Cannabis-Indoorplantage und mehrere Kilogramm Marihuana in Mittelsachsen entdeckt

Der Tatverdächtiger wurde inhaftiert

Leisnig

Am vergangenen Dienstag, dem 10.Februar, realisierte das Fachkommissariat für Rauschgiftdelikte der Chemnitzer Kriminalpolizei eine Wohnhausdurchsuchung in der Schloßstraße. Auf Antrag der Staatsanwaltschaft Chemnitz hatte das Amtsgericht Chemnitz den Beschluss erlassen, nachdem sich Hinweise verdichtet hatten, dass sich in einem unbewohnten Haus größere Mengen Betäubungsmittel befinden könnten.

Beamte entdecken über tausend Pflanzen

Mit Unterstützung von Einsatzkräften der sächsischen Bereitschaftspolizei verschafften sich Ermittler am Dienstagmorgen Zutritt ins Objekt. Dort trafen sie auf einen 43-Jährigen und entdeckten eine über mehrere Räume sich erstreckende Cannabis-Plantage mit insgesamt knapp 1.400 Pflanzen in unterschiedlichen Wachstumsstadien.

Mehrere Kilogramm Marihuana wird sichergestellt

Des Weiteren konnten die Beamten im Haus rund zehn Kilogramm Marihuana fest- und sicherstellen.

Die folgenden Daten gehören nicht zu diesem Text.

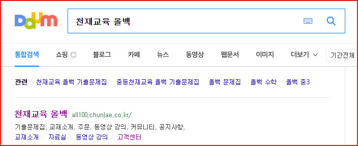 ▲ 천재교육 올백 홈페이지 ☞ https://all100.chunjae.co.kr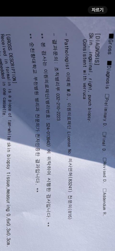 사타구니에 사마귀가 넓게 퍼져서 해당 병변 조직검사 시행하였고 결과지를 받았는데 의사분께서 좀 대충 말을 해주셔서 이 결과지 내용이 곤지름인지 아니면 일반 사마귀인지 궁금합니다

In der Konsequenz wurde der angetroffene ukrainische Tatverdächtige festgenommen. Noch am selben Tag führten Polizisten den 43-Jährigen am zuständigen Amtsgericht einem Ermittlungsrichter vor. Dieser erließ Haftbefehl gegen den Mann, der sich nunmehr in einer Justizvollzugsanstalt befindet.

Beräumung bis in Abendstunden

Aufgrund der umfangreichen Sicherstellungen im Hinblick auf die Cannabispflanzen sowie die Anbautechnik war auch das Technische Hilfswerk in den Einsatz involviert. Die Beräumung des Hauses zog sich bis in die Abendstunden. Die Ermittlungen der Kriminalpolizei nach dem Konsumcannabisgesetz werden indes fortgeführt.